Headlines
As reported by Connecticut Magazine, June 2007.
Cancer Warrior
Carolyn Runowicz Came Home to Help Wage the Big Battle
By Terese Karmel
Fourteen years ago, Connecticut physician Carolyn D. Runowicz, a noted crusader for cancer prevention, felt a small lump in her left breast, a discovery that drove her across that scalpel-thin line from healer to patient.
At first, Runowicz experienced the standard reactions to learning she had cancer: disbelief and terror. But that was followed almost immediately by a reaction more typical of this pit bull of a physician - the demand for immediate, aggressive treatment.
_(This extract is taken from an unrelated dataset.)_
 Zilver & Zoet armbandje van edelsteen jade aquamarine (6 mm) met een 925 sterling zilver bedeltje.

Already a prominent oncologist who had developed innovative treatment advances, Runowicz knew what to ask for - and she got it. These days, the tall, blonde 55 year-old physician is a highly regarded no-nonsense practitioner who has written four books (including one about her own experience) and dozens of articles on the subject of cancer in women. In addition, she has made many public appearances, the most notable last summer when, in her capacity as president of the American Cancer Society, shoe in hand (a la Nikita Khrushchev), she urged more than 10,000 survivors (and a host of influential congressmen) on the Washington, D.C., mall to stamp out the disease.
Runowicz's tireless efforts also led indirectly to her coming home to Connecticut in 2003 to accept the position as director of the new Carole and Ray Neag Comprehensive Cancer Center at the University of Connecticut Health Center in Farmington.
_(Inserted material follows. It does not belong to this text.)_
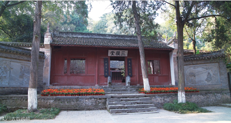 圖 | 三顧堂,位於三顧堂位於武侯祠南側、諸葛草廬前,乃明代根據宋代基礎所改建而成。目前所見的三顧堂保持了清光緒年的式樣,前廳三間,後堂五間,是硬山起脊建築。正門前的對聯「兩表酬三顧,一對足千秋」,「兩表」指的就是諸葛亮的前、後出師表,「一對」則是指著名的《隆中對》。

"This is a person who, because of her American Cancer Society connections, gave us instant credibility, especially since we're just starting out," says Dr. Peter J. Deckers, executive vice president for health affairs at the health center.
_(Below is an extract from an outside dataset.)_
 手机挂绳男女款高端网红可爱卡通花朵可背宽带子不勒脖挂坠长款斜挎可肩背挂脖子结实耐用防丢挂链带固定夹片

He first heard she might be available a year earlier when she was in Storrs to be honored as a distinguished UConn alumna. "I was asked to present her," says Deckers. "I had known of her and was happy to do it:." At the awards dinner, Runowicz's husband, Dr. Sheldon H. Cherry, a gynecologist and urologist who practices in New York, mentioned she might be recruitable to UConn if the right package could be put together. At the time, she was a professor of clinical obstetrics and gynecology at the Columbia University College of Physicians and Surgeons.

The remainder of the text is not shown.